Now, more than a year later, the fear has subsided.
“We’re all so confident,” she adds. “I’ve been wearing PPE this whole time and I haven’t got COVID.”
For Jeyanthan, the precautionary measures continue at home, where he has two kids, aged six and nine, and a wife who works in Environmental Services at Princess Margaret Cancer Centre.
“I put everything in my bag and then I keep it in the garage for two days, then after that I wash it,” he says.
Now that he’s vaccinated, Jeyanthan feels more comfortable around his family, but still won’t have visitors to his Scarborough home.
“It’s been over one year and no one comes in my house – but what can I do?” he says. “We never know – we are working in a hospital.”
By 5 p.m. – just an hour and a half into Jeyanthan’s shift – his colleagues start to clock out, leaving only five hospital assistants on duty throughout TWH. The pace picks up and will only increase as his colleagues continue to head home throughout the evening and Jeyanthan is the only one on duty before night shift starts at 11 p.m.
He receives two new calls: transport a patient from ultrasound to the Emergency Department (ED) and collect soiled intravenous (IV) poles from all floors. The patient call always comes first.
He finds the patient sitting in a wheelchair, sanitizes, puts on gloves, dons his face shield and checks her Medical Record Number (patient identification).
“Even when we’re busy, we always check, because I don’t want to bring the wrong patient,” he says.
He provides a smooth and comfortable transport, tucking in her blanket, ensuring cords won’t get caught in the wheels and slowly moves toward the elevators, carefully navigating any bumps. He gets her to a bed in the ED, locks the wheelchair and makes sure she can manage before he sets off on his next call.
Jeyanthan visits every floor – including the COVID-19 ward – to collect the IV poles, taking every precaution as he goes.
As he heads to the elevator, IV poles in tow, an announcement comes on overhead: “Attention please…”
Jeyanthan stops in his tracks, tilts his head and listens.
“Code White, Code White…”
Not a Code Blue. He continues.
Jeyanthan receives another call: a patient from 5B needs to be taken to MRI. He stops his current assignment – the patient call always takes precedent.

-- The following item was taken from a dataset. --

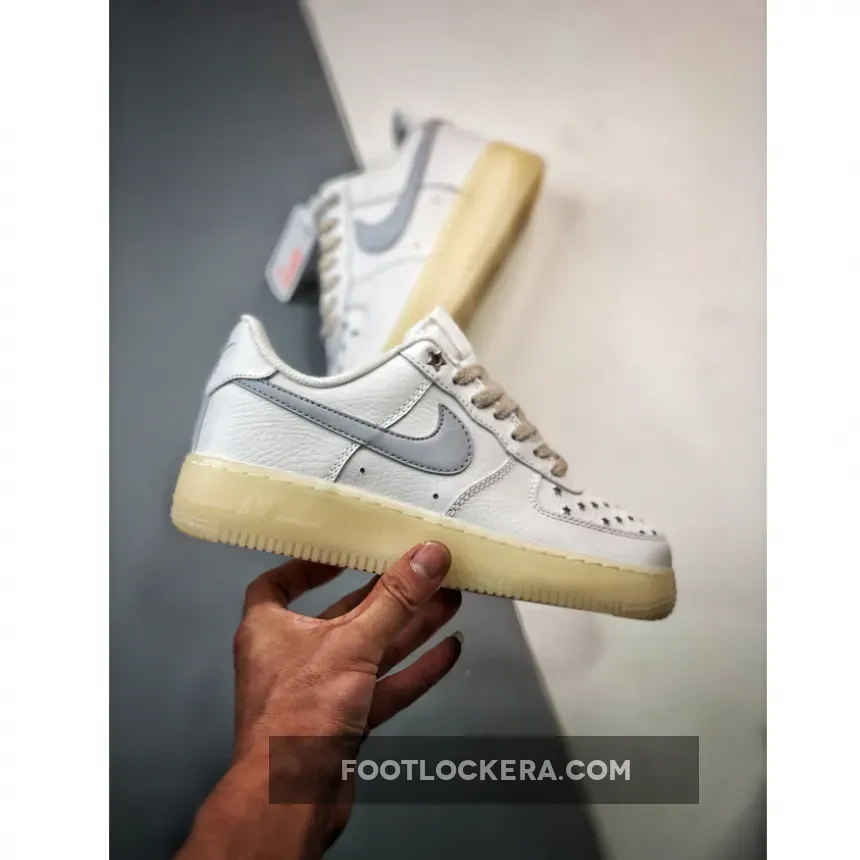 Minimalistic yet playful at the same time, the Nike Air Force 1 Low Star Cut-Out Pure Platinum gives you the best of both worlds. Its youthful design sees the classic AF1 decked in a lovely pale robin blue shade and designed with star-shaped perforations at the toe. The tumbled leather upper also goes well with the yellowed laces that give off a vintage vibe.

He checks in at the fifth floor Nursing Station, sanitizes, puts on his gloves and face shield, grabs a stretcher, makes sure it’s equipped with enough oxygen and heads into the patient room.

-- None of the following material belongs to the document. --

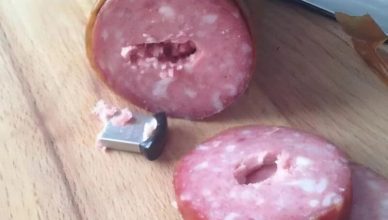 Když nůž narazil na odpor, myslela jsem si, že klobása je prostě zmrzlá. Studená kuchyně, šedivé ráno, líné světlo z okna. Všechno bylo
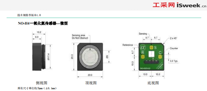 英國(guó)Alphasense NO 一氧化氮傳感器 電化學(xué) 微型 NO-H4 參數(shù):

With the help of a nurse, he moves the patient from her bed to the stretcher.
“You O.K.?” he asks, as he adjusts the bed and covers her with a blanket.
Unable to put a mask on herself, Jeyanthan does it for her.

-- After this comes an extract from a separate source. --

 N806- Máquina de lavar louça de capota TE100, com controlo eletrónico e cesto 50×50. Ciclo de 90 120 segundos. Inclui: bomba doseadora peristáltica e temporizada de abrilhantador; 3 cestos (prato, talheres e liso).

“It’s good for you,” he tells her, reassuringly.
Masking patients during transport is a new COVID-19 protocol and something Jeyanthan never forgets.
“I don’t want anyone else to get sick,” he says.
As it nears 7 p.m., he gears up for more patient calls, because the ED Patient Porter is going on break.
“I know the routine,” he says.
Like clockwork, he’s called to the ED at 7:10 p.m.
Once he gets there, he sanitizes, puts on gloves, as well as his face shield and a gown for added protection.
More calls come in from the ED as the night progresses and fewer hospital assistants are on shift.
While settling a patient, someone he previously transported is placed in an isolation room and going over his COVID-19 exposure with clinical staff.
Jeyanthan isn’t worried.
“When I go in, I’m thinking all of them have COVID,” he says, demonstrating his confidence in the IPAC protocols. “I know I won’t get sick, because I’m protected.”
Although COVID-19 numbers are on a promising downward trend across the province, the ED tells a different story to Jeyanthan, as on this day in late May the majority of patients are COVID positive or pending.
“Everyone thinks we are getting better now, we can enjoy the summer,” he says. “For me? No. We never know what’s going to happen next month.”
His work puts him at risk, but Jeyanthan wouldn’t have it any other way.
“I really love this job,” he says. “I’m always learning something new and helping people.”